Right. So if you haven't read my mini-meltdown from earlier, go read it. Now here it is again...in minute by minute super slow motion action. Whee.
6:00 p.m. Father-in-law calls. Will be in town tonight and wants to take us out for dinner. Hell yes! Leave work, with dry-cleaning that has been hanging on coat hook in office for a week, feeling immensely pleased with self.
6:33 Home. Messy, messy home. Toss dry-cleaning in heap on closet floor, shove all clutter into drawers, closets, etc. Feed poor starving (starving!) yowling cat and change into cute going-out-for-dinner outfit.
6:45 Boot up laptop.
6:55 God this laptop sucks ass.
7:03 Log onto online classroom to check for final exam review shit.
7:04 WHAT. THE. FUCK.
7:05 WHAT THE FUCK WHAT THE FUCK WHAT THE FUCK
7:10 Call Jason in hysterics.
7:11 Jason: “What the FUCK?”
7:13 Sobbing gasping heaving panic attack.

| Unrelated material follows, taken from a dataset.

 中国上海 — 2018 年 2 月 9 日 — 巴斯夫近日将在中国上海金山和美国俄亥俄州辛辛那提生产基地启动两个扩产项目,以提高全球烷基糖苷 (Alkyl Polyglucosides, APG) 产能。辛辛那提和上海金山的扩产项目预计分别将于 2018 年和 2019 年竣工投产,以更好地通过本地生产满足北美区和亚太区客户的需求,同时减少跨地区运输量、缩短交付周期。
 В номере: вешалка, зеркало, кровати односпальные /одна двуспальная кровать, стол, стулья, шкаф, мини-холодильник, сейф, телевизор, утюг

7:13.57999 Flashbacks to every anxiety dream I’ve had about papers I didn’t know about, tests I didn’t study for and classes that I SWORE I DROPPED and what do you MEAN I’m still registered for and have to take a final in and I haven’t been to a single class and why in the world is the class being held in a building that I have to take a train to get to? Oh my god, where is the train station? Run!

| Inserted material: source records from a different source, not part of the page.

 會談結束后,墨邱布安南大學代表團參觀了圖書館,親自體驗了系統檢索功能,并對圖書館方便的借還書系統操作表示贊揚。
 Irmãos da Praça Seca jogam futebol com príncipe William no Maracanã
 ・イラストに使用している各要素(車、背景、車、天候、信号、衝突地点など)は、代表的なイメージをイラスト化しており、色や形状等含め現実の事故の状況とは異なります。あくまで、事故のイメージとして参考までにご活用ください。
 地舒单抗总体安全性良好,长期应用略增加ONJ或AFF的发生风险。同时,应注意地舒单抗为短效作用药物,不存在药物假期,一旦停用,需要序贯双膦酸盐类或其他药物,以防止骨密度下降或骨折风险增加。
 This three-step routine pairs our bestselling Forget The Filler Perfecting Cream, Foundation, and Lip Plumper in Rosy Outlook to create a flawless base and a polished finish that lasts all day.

7:15 The reality sets in. I have to write an entire bullshit paper TONIGHT and then cram my little ass off tomorrow and Friday.
7:16 Blog about it.
7:20 Send testy email to COMM 400 professor asking where in sam hill our final exam review stuff is, as (ahem) the final is in TWO FUCKING DAYS.

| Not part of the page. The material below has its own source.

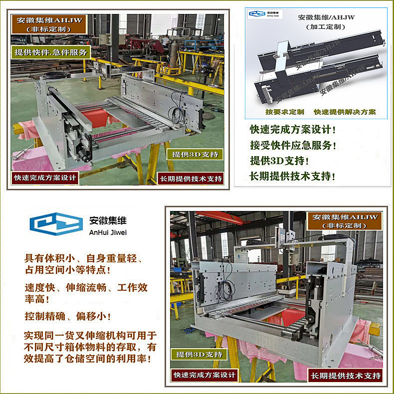 安徽集維智能裝備有限公司是一家集研發、設計、生產、銷售為一體的堆垛機伸縮貨叉生產制造企業,擁有多位資歷深厚的工程設計團隊和經驗豐富的技術師,全套的機加工設備,完全自主設計、自主生產,具備年生產1200臺套伸縮貨叉的制造能力,具有快速完成方案的設計能力,以及短期交付的生產加工能力,具備提前交付或快速交付的應急能力!
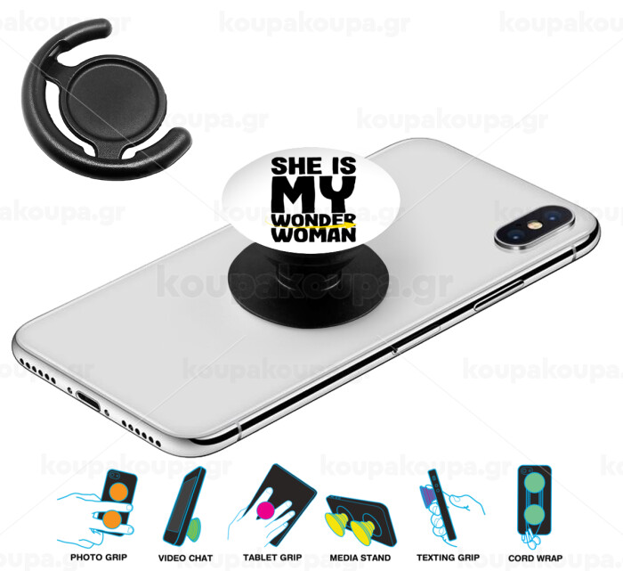 She is my wonder woman, Phone Holders Stand Black Hand-held Mobile Phone Holder

7:22 Compose death threats to SPCH 426 professor who decides to assign PAPERS the same week as finals. Do not send.
7:25 Spring into mad action. Dig out textbooks from under bed. Print off class notes and assignment description. Google to find some resources to…collaboratively…share…or something.
7:30 Father-in-law arrives. He and Jason head out for dinner at my most favoritest pizza place ever. Warn Jason that he will not be allowed back in the house unless he comes bearing pizza.
7:31 Put bottle of white wine in freezer. Take pint of Ben & Jerry’s out.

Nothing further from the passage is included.